§ **Exercise aim**
Set down each line from the line holding "第6步:让鸡蛋与配料混合。不" to the last line of the entries below, exactly, with both ends included and without pictures.
----------
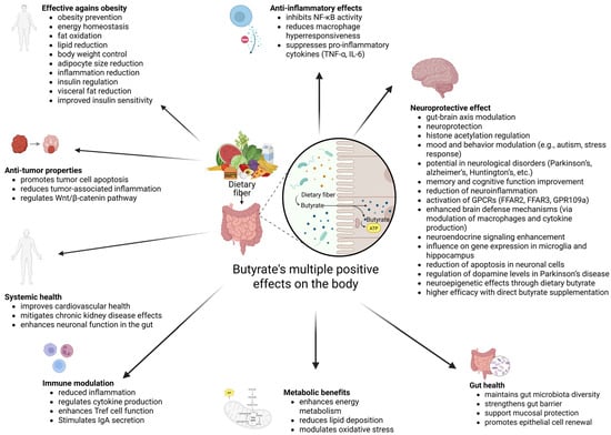 Sodium butyrate demonstrates markedly superior immunological and neurological benefits when compared to butyrate derived from a high-fiber diet. This amplified effectiveness is likely due to the direct administration of sodium butyrate in higher doses, while dietary butyrate generally affects brain function through gut-related pathways. Current literature emphasizes the importance of the gut–brain axis and nutrition in both disease development and treatment. To better understand the potential benefits, future research should explore the neuroepigenetic effects of dietary butyrate more thoroughly. The dose–response relationship should be examined more precisely in future studies to determine how much specific butyrate actually reaches the brain. Such research could reveal the therapeutic potential of butyrate more clearly. Additionally, the synergistic effects of various types of dietary fiber and fermented foods should be considered, as their combination could significantly increase butyrate levels and optimize its benefits. In Table 3, we can see some investigations that indicate the relationship between butyrate and neurological effects in models. Figure 3 presents a diagram displaying the multiple positive effects of butyrate on body health.
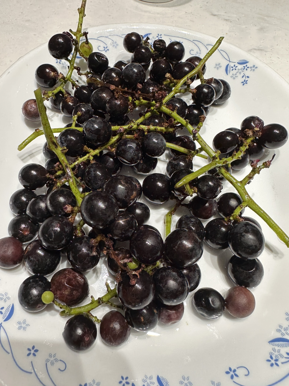 *집 앞마당에 탐스럽게 연 포도를 따먹었다. 시중에서 파는 포도보다 알이 작지만 더 달다. 수박도 따먹고. 참외도 따먹고. 과일을 사지 않고 키워먹는 기분. 세상 즐겁다.
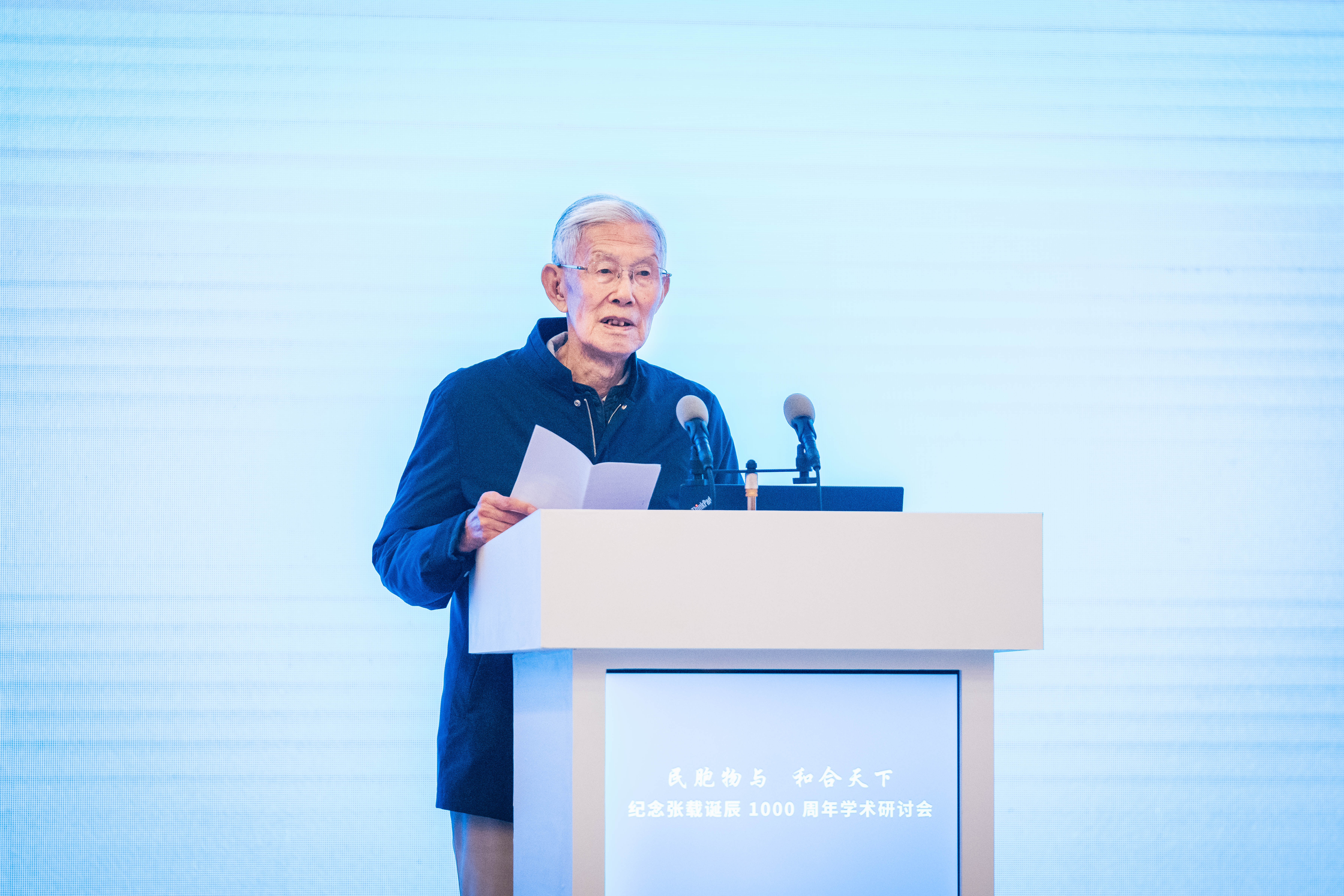 张岂之先生在主旨演讲中回顾了自己求学、任职的经历,及2008年参加编撰《关学文库》的工作,并介绍了部分关学研究的成果。他认为近20年来学者们对关学的研究,一直在进行,没有中断,而且表现出研究的广度和深度。张岂之先生多次引用习近平总书记的讲话,强调关学研究的重要性。他指出,研究关学及关学学者在思想理论方面的贡献,从历史到现实都可以研究而且必须深入地研究,并将之最终落实到“我们应如何建设社会主义小康社会”这一重要问题上。最后,张岂之先生总结道:此时我们回忆、研究一千年前关学开创者的历史贡献,是一项既有历史意义又有现实意义的工作。
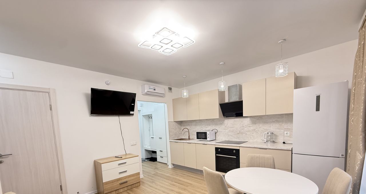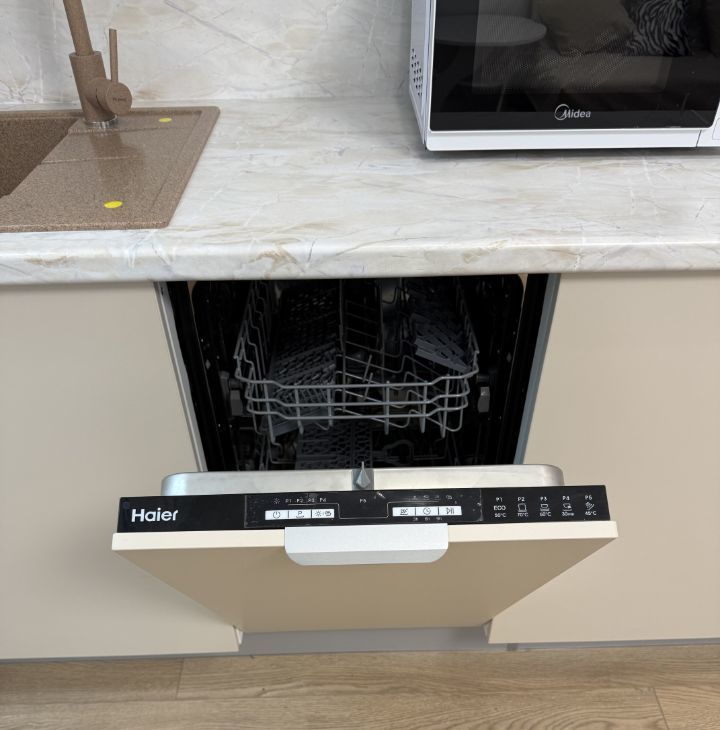 Квартира укомплектована всей необходимой техникой фирмы Haier и мебелью для комфортного проживания.
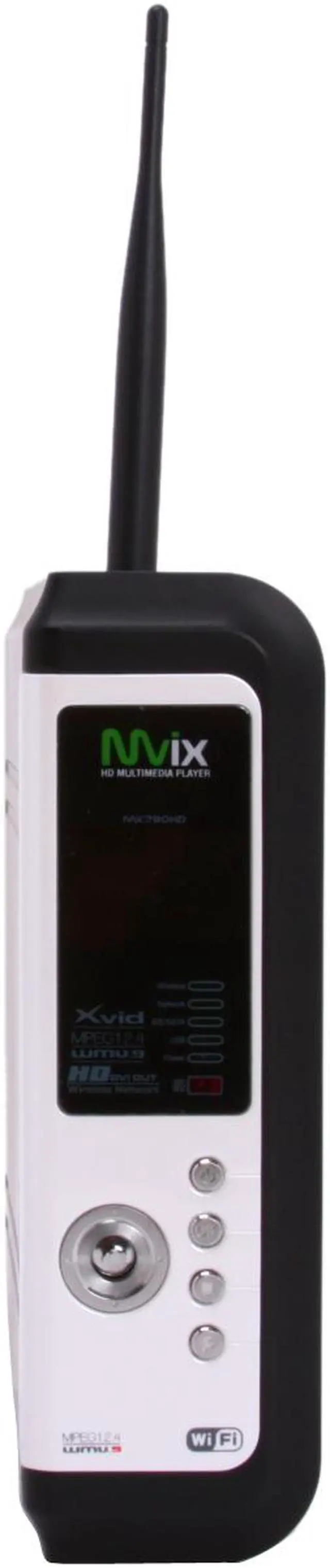 | Specifications | Processor: SEM8621L (By Sigma Designs) Memory: 64MB (RAM), 8MB (Flash) Video Support: DivX (3/4/5), DivX 6, AVI, Xvid, BivX, MPEG, MPG, VCD(DAT), DVD(VOB, IFO), ISO, WMV(WMV-9), ASF(WMV-9), TP, TS, TRP Audio Support: MP3, WMA, AAC, OGG, PCM, AC3, DTS decoding including down-mixing, DTS pass through Image Support: BMP, JPEG/JPG, PNG Subtitle Support Network Security: Wireless: Network security infrastructure (WEP/WPA) and MAC-address Filtering Network Protocol: Wireless - IEEE802.11b/g, 5dBi antenna (SMA type), Wire - 10/100Mbps Fast Ethernet (RJ45), TCP/IP (DHCP client mode, Manual IP mode) Infrared Receiver Remote Control |
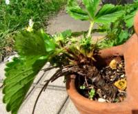 冬にストローベリ†ポットの用土が少なくなったので、上から自前のぼかし肥料を入れておきました。親株からランナーが出たのを右においたら根が張ってきたようです。
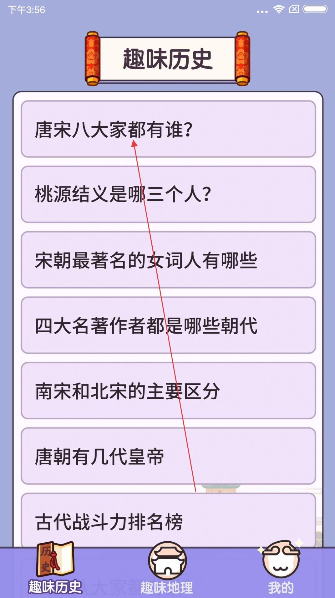 2、切换“趣味历史”,选问题(如唐宋八大家),作答,了解历史文化内容。
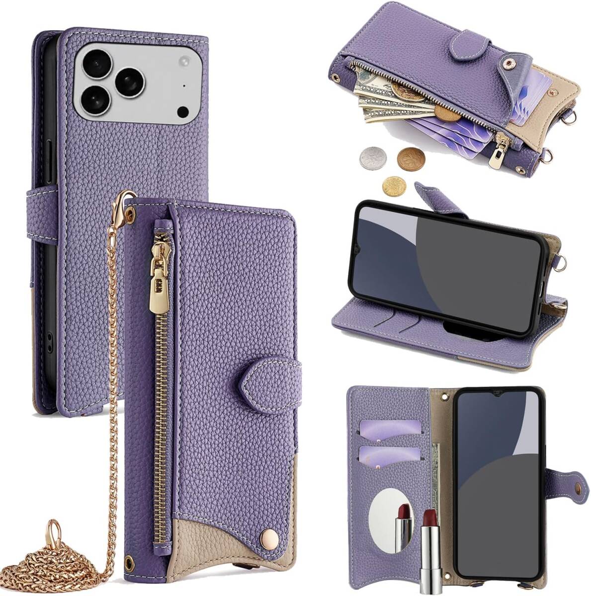 - 【未使用品送料無料】 iPhone 17 ケース 手帳型 ショルダー 17プロ カバー 財布型 肩掛け 横+縦 2掛け方 斜めがけ パープル
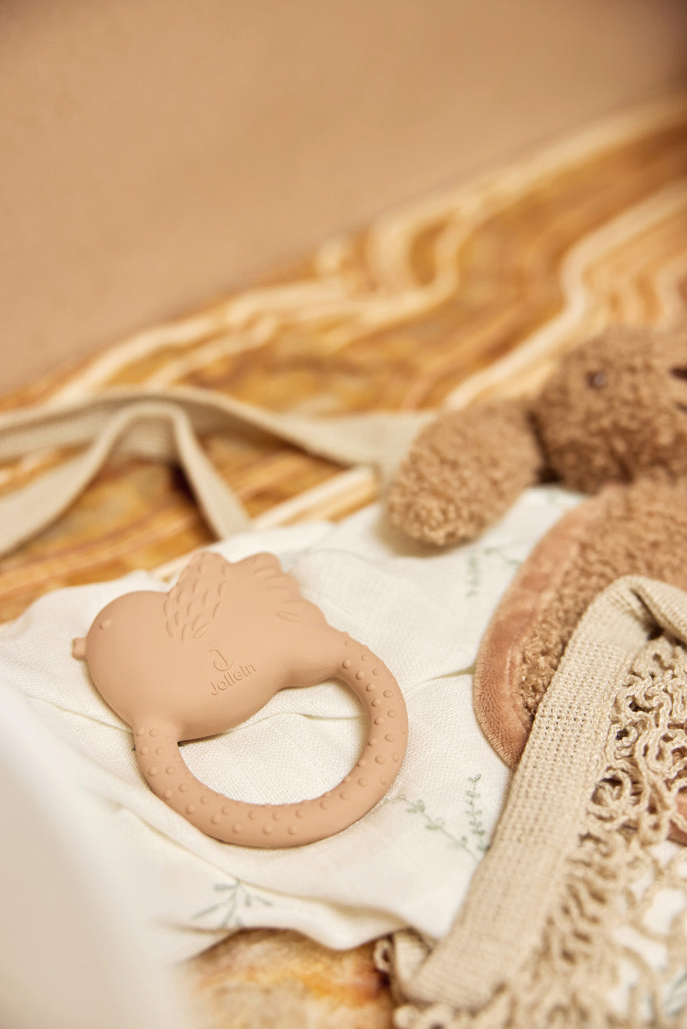 Never lose the pacifier again and enjoy this incredibly cute bunny toy at the same time? Yes please! This adorable pacifier cloth in the colour Biscuit has an embroidered heart as a nose and two drawstrings for play. The fabric on the back is soft velvet and on the front is beautiful bouclé. The piping is also velvet fabric and we are sure your little one will be a fan of this bunny.
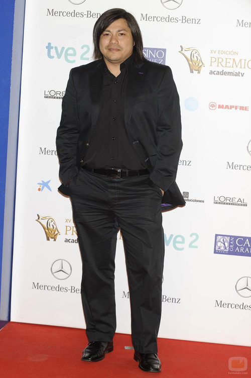 El actor Óscar Reyes, Machupichu en 'Aída', en el photocall de los Premios Iris 2013 de la Academia TV.
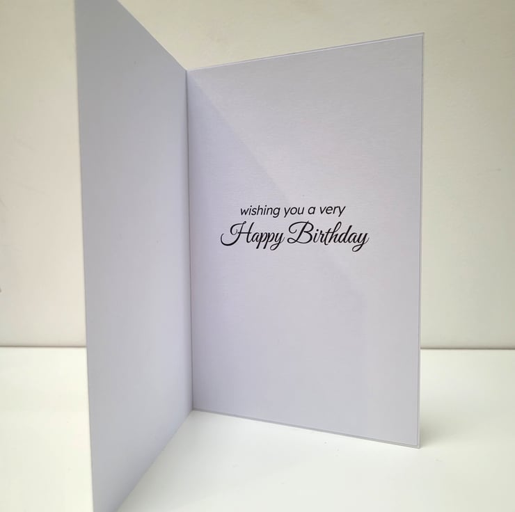 - The 'Birthday Wishes' card has a printed sentiment on the inside which reads "Wishing you a very happy birthday"
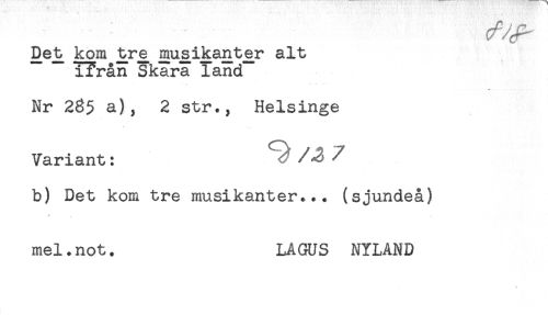//// Det kom trje mu^s i kantar alt //// iTrån Skara land //// Nr 285 a), 2 str., Helsinge //// Variant: //// /b) Det kom tre musikanter... (sjundeå) //// mel.not. LAGUS NYLAND ////
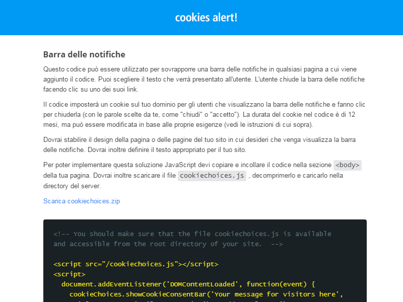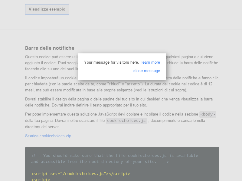 Per poter implementare questa soluzione JavaScript devi copiare e incollare il codice nella sezione <body> della tua pagina. Dovrai inoltre scaricare il file cookiechoices.js , decomprimerlo e caricarlo nella directory del server.
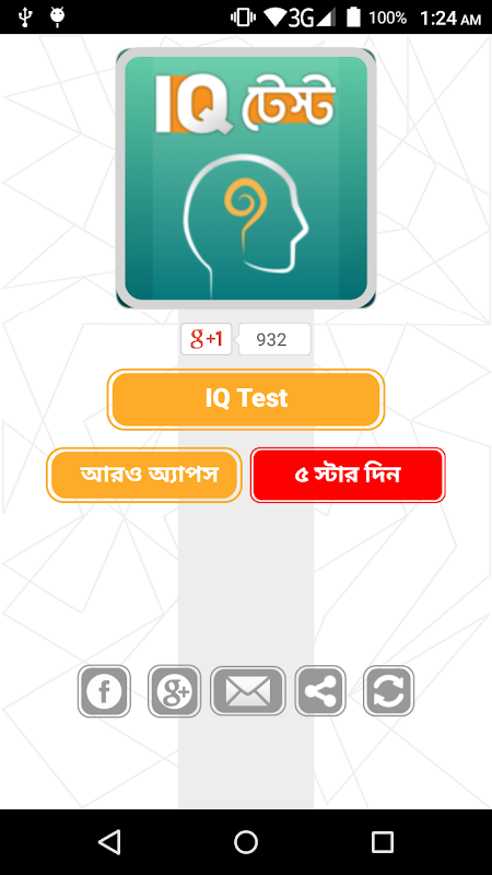 IQ Test bangla অ্যাপটি শুধুমাত্র আপনার আই,কিউ বাড়াতেই সাহায্য করবে না বরং এটি আপনাকে আপনার অবসর সময়কে দারুনভাবে কাজে লাগাবার একটি সুযোগ করে দিবে, সেইসাথে আপনাকে দিবে সমস্যা সমাধান করার অপার আনন্দ ও বিজয়ের তৃপ্তি। বাংলা এস এম এস ও ফেসবুক স্ট্যাটাস এর মাধ্যমে শেয়ার করুন আপনার বন্ধুদের সাথে।
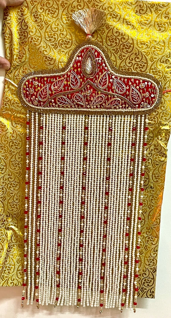 Red Sehra with peals and golden mala
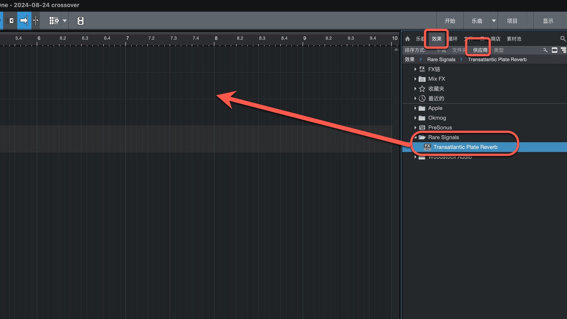 打开Studio One在效果-供应商下即可找到插件,拖动到左侧即可
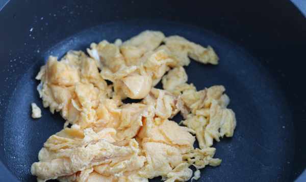 第6步:让鸡蛋与配料混合。不要将蔬菜煮过头,以免损失营养价值。加少许盐和酱油炒至顺滑,用抹刀搅拌。
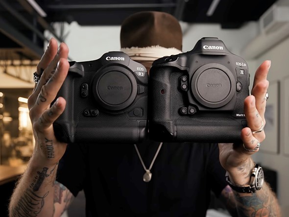 Screenshot from the video showing Peter McKinnon comparing the Canon EOS R3 (left) compared to the larger EOS 1D X Mark II (right).
----------
§ **Expected output**
 第6步:让鸡蛋与配料混合。不要将蔬菜煮过头,以免损失营养价值。加少许盐和酱油炒至顺滑,用抹刀搅拌。
 Screenshot from the video showing Peter McKinnon comparing the Canon EOS R3 (left) compared to the larger EOS 1D X Mark II (right).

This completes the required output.